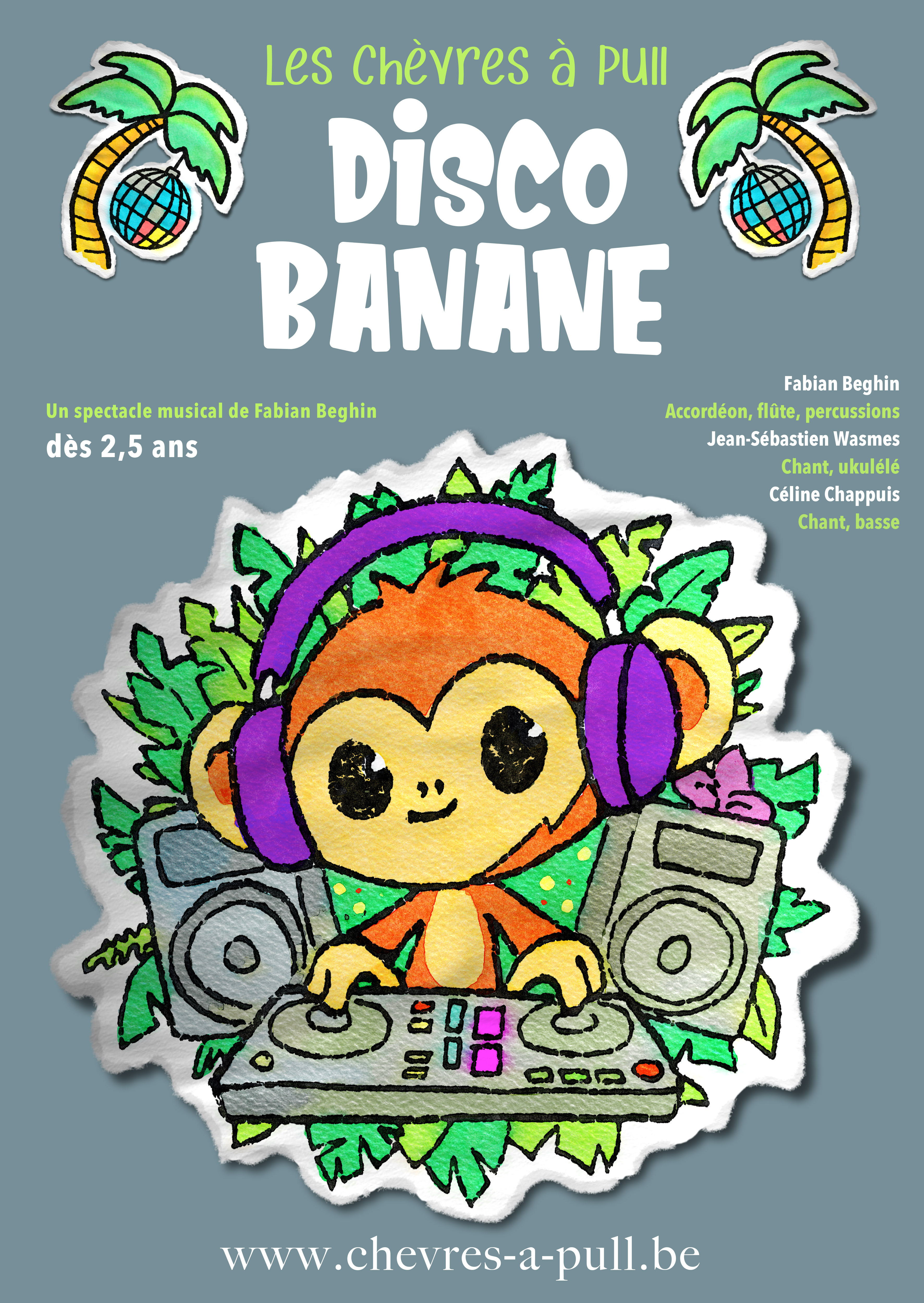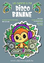 «Disco Banane» est un spectacle reconnu par les tournées Chanson à l’école et par les tournée Art et Vie (Identifiant TARA 91-1, Code Star: 2324-31). Nous proposons également une formule autonome nous permettant de jouer directement dans les écoles.
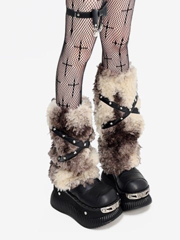 Strap Design Faux Fur Leg Warmers with Crossed Khaki Beige/Black Beige
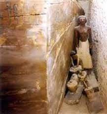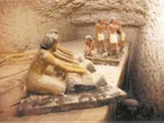 3-البعثة عثرت داخل هذه المقبرة على مجموعة كبيرة من التماثيل الخشبية صغيرة الحجم ملونة باللون الأبيض والأحمر والأسود تصور حياة العمال وأعمالهم في الدنيا من بينها تماثيل لعمال يصنعون الطوب النيئ وآخرون يعبئونه في أكياس من الخيش مربوطة بحبال كما عثر أيضا على تمثال لامرأة تطحن الغلال
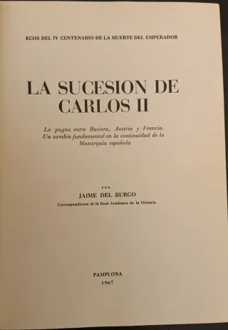 Título completo: La sucesión de Carlos II. Un cambio fundamental en la sucesión de la monarquía española. Editorial Gómez. Pamplona. 1967
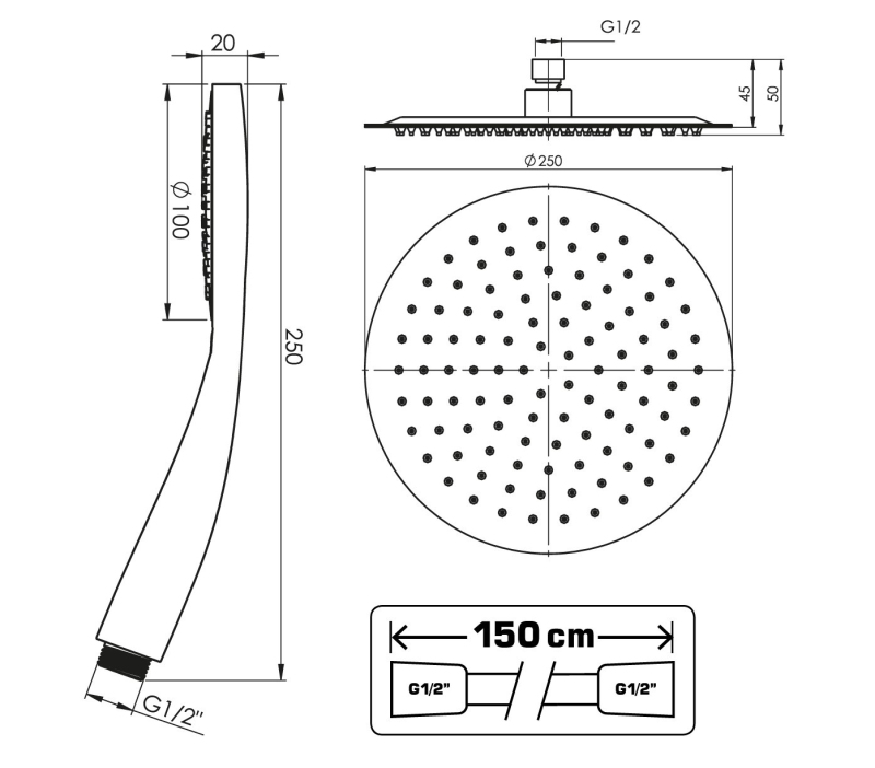 - Ruční sprchová růžice Solo, 1-polohová
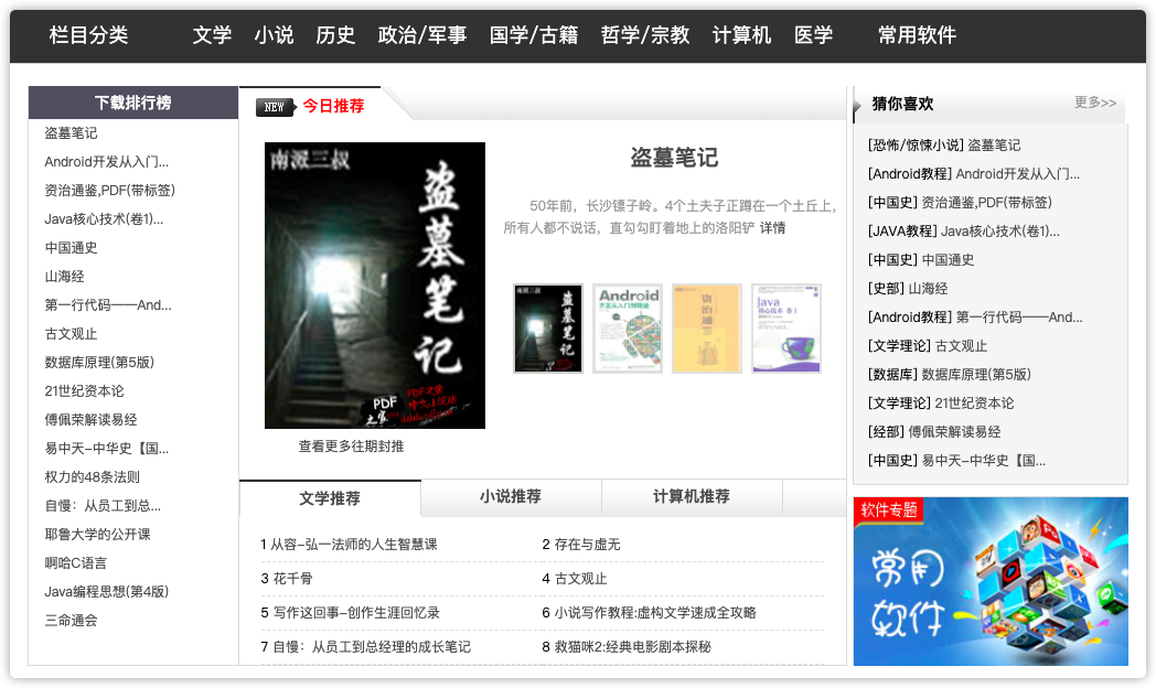 PDF之家这个网站主要分享PDF和TXT格式的书籍,网页设计一般,但是里面的书籍质量还是很高,网站涉及的书籍类型有文学,小说,军事,国学,古籍,哲学,计算机,医学等类型,存储方式是网盘分享。

▶ [What needs to be done] Set down the entries shown above once more, exactly as they read, but without pictures.

▶ [Answer for this exercise]
 «Disco Banane» est un spectacle reconnu par les tournées Chanson à l’école et par les tournée Art et Vie (Identifiant TARA 91-1, Code Star: 2324-31). Nous proposons également une formule autonome nous permettant de jouer directement dans les écoles.
 Strap Design Faux Fur Leg Warmers with Crossed Khaki Beige/Black Beige
 3-البعثة عثرت داخل هذه المقبرة على مجموعة كبيرة من التماثيل الخشبية صغيرة الحجم ملونة باللون الأبيض والأحمر والأسود تصور حياة العمال وأعمالهم في الدنيا من بينها تماثيل لعمال يصنعون الطوب النيئ وآخرون يعبئونه في أكياس من الخيش مربوطة بحبال كما عثر أيضا على تمثال لامرأة تطحن الغلال
 Título completo: La sucesión de Carlos II. Un cambio fundamental en la sucesión de la monarquía española. Editorial Gómez. Pamplona. 1967
 - Ruční sprchová růžice Solo, 1-polohová
 PDF之家这个网站主要分享PDF和TXT格式的书籍,网页设计一般,但是里面的书籍质量还是很高,网站涉及的书籍类型有文学,小说,军事,国学,古籍,哲学,计算机,医学等类型,存储方式是网盘分享。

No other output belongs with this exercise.